Writers and journalists are often among the first citizens targeted and punished by autocratic leaders. With creeping authoritarianism and instability in many regions around the world, it's an increasingly dangerous time for writers of all kinds.
On the eve of PEN International's Day of the Imprisoned Writer, we'll hold a special panel event as part of our Writers in Exile series to discuss old and emerging threats to literary freedoms today.
Host Sami Shah will welcome back the three writers who have shared their personal stories of exile – journalist Roza Germian, playwright Samah Sabawi and playwright and poet Mammad Aidani – for the last conversation in the series. They'll discuss their own experiences and their knowledge of press and literary restriction in their respective home countries. They'll talk, too, about the role Australia can and should play on the international stage with regards to protecting and protesting the freedom of writers here and overseas.
Join us as we talk free minds, free words and free expression today.
Presented in partnership with PEN Melbourne.
This event will be Auslan interpreted.
Featuring
Sami Shah
Roza Germian
Roza Germian was born in the second year of the eight year-long Iran-Iraq war, in the city of Kirkuk under the Baathist rule. The majority of Kirkuk’s population were of Kurdish background and regularly targeted by the Baathist regime. In 1991, during the first Gulf War, her family along with four million Kurdish people became refugees in Iran and Turkey. Roza’s family arrived in Australia in 1996, where she later studied journalism. Roza is now the Executive Producer for the SBS Radio Kurdish Program.
Samah Sabawi
Dr Samah Sabawi is an award-winning playwright. In 2020 she received a Green Room Award for best writing for her play THEM, also nominated for Best Independent Theatre Ensemble, Best Independent Production and ...
Mammad Aidani
Mammad Aidani is a human rights advocate, acclaimed poet, playwright, theatre director, and distinguished psychosocial researcher investigating the violence, torture and trauma experienced by Iranians and Middle Eastern immigrants, refugees and asylum seekers who have resettled in Australia and the West.
Mammad has been part of the international art project, Heartbreak, at this years’ Venice Biennale, and his play In The Mirror will be restaged at La Mama theatre in 2020. He is currently working on a theatre project with a group of Iranian asylum seekers and refugees called Forough and Us, in which they reflect on the fearless personality and the unique and challenging poetry of the most significant Iranian female poet Forough Farrokhzad (1934–1967). He has not been able to return to Iran over the last 40 years. Mammad’s writings have been banned and are not published in Iran.

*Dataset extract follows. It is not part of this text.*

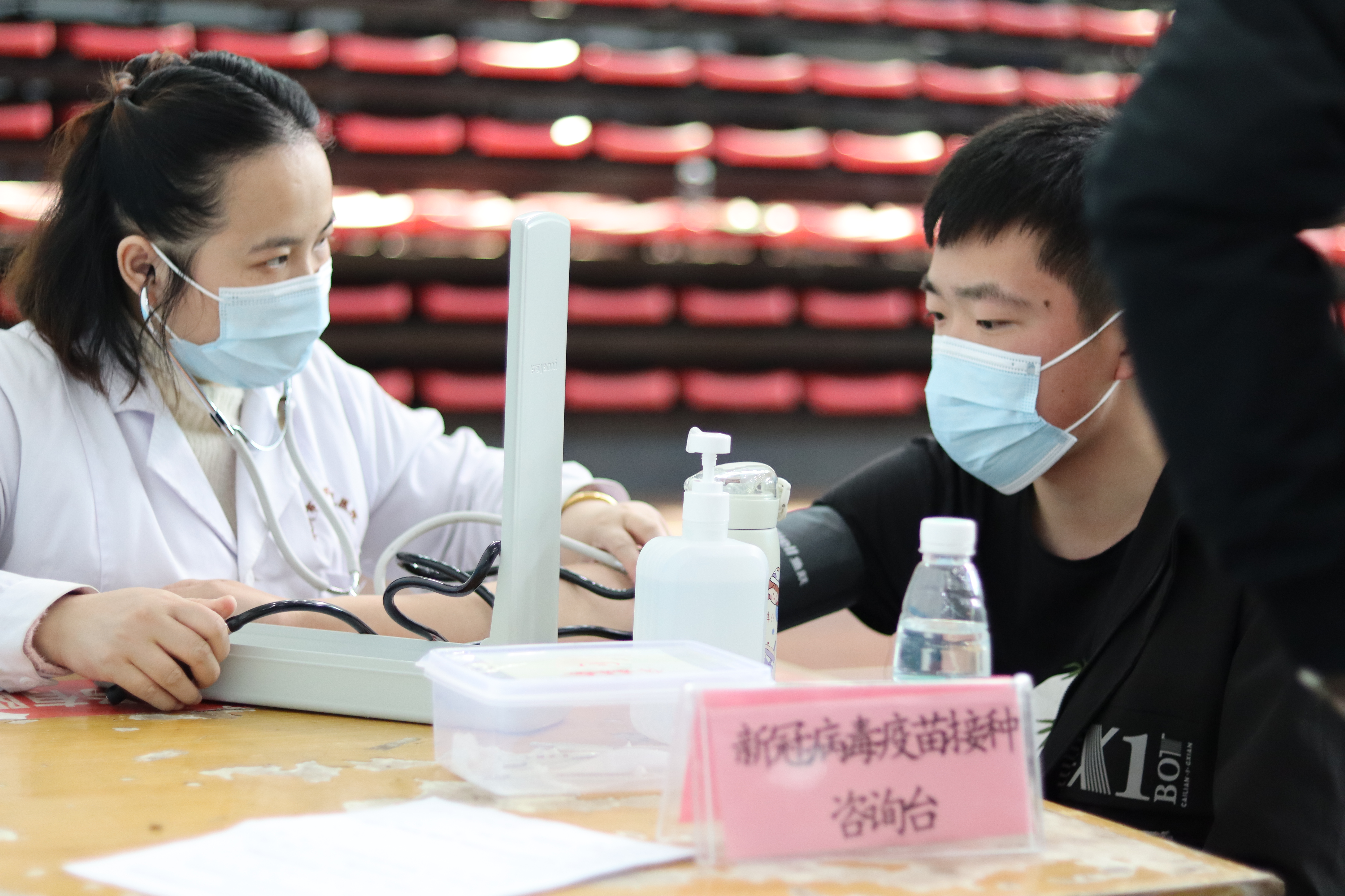 本次接种时间为3月29日—3月31日,学校在体育馆共设置了16个接种台,场馆入口处还专门设置了咨询通道,不少师生前来咨询。“过敏体质能不能接种新冠疫苗?”“有感冒症状能不能接种新冠疫苗?”“患贫血症会不会影响接种?”……医护人员根据个体具体情况逐一给予详细解答。

Mammad was part of the list of invitees to contribute at La Mama theatre’s 50th anniversary in 2016. As part of his contribution to this event, he directed vignettes from his new play In-Waiting, written in Persian, and the play An Idiot Amongst Us, which was first produced at La Mama in 1996.
Mammad has been living in exile from his native country, Iran, since 1979. He left Iran several months after the collapse of the Shah’s dictatorial regime. As a young activist against the Shah, dreaming of living in a new, free, open and democratic Iran, he quickly became deeply disheartened and disturbed by the rapid rise of Islamic fundamentalism, and the extremely violent and dangerous situation in which he found himself. Becoming the subject of harassment and threats because of his strong views and criticism of the new regime, and fearing for his life, Mammad decided to leave Iran.